* **PROVIDED MATERIAL**:

-=-=-=-=-

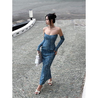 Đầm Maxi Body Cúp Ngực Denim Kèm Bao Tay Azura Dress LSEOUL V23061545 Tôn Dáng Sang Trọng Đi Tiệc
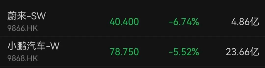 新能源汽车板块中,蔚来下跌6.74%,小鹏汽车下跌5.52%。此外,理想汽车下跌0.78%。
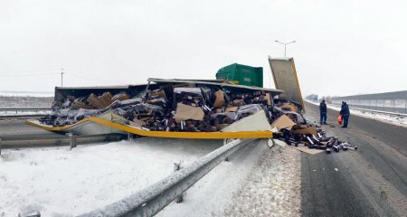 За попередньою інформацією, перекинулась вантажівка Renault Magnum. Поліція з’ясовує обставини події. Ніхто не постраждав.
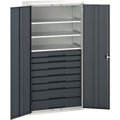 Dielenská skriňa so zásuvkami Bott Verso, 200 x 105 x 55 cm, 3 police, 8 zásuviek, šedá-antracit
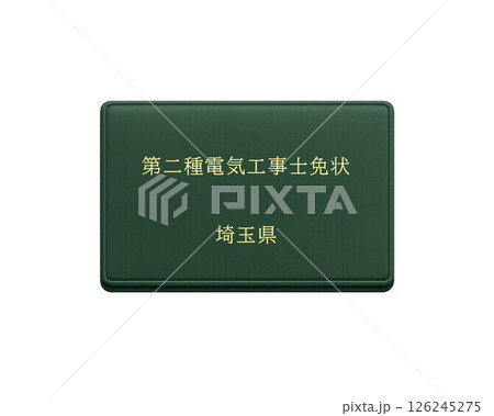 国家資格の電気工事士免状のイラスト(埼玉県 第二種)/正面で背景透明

-=-=-=-=-

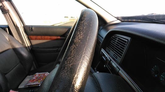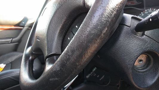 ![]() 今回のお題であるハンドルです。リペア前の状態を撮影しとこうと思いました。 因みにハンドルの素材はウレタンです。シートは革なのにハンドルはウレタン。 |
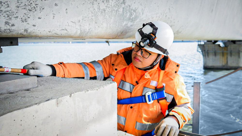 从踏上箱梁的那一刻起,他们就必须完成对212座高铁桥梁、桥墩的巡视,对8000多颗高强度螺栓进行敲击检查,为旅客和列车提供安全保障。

-=-=-=-=-

* **EXERCISE BRIEF**: Using the listing above, restate exactly the range between the lines holding "新能源汽车板块中,蔚来下跌6" and "国家資格の電気工事士免状のイラスト(埼玉県 第二種)/正面で背景透明", inclusive, with pictures left out.

* **RESPONSE TO THIS EXERCISE**:
 新能源汽车板块中,蔚来下跌6.74%,小鹏汽车下跌5.52%。此外,理想汽车下跌0.78%。
 За попередньою інформацією, перекинулась вантажівка Renault Magnum. Поліція з’ясовує обставини події. Ніхто не постраждав.
 Dielenská skriňa so zásuvkami Bott Verso, 200 x 105 x 55 cm, 3 police, 8 zásuviek, šedá-antracit
 国家資格の電気工事士免状のイラスト(埼玉県 第二種)/正面で背景透明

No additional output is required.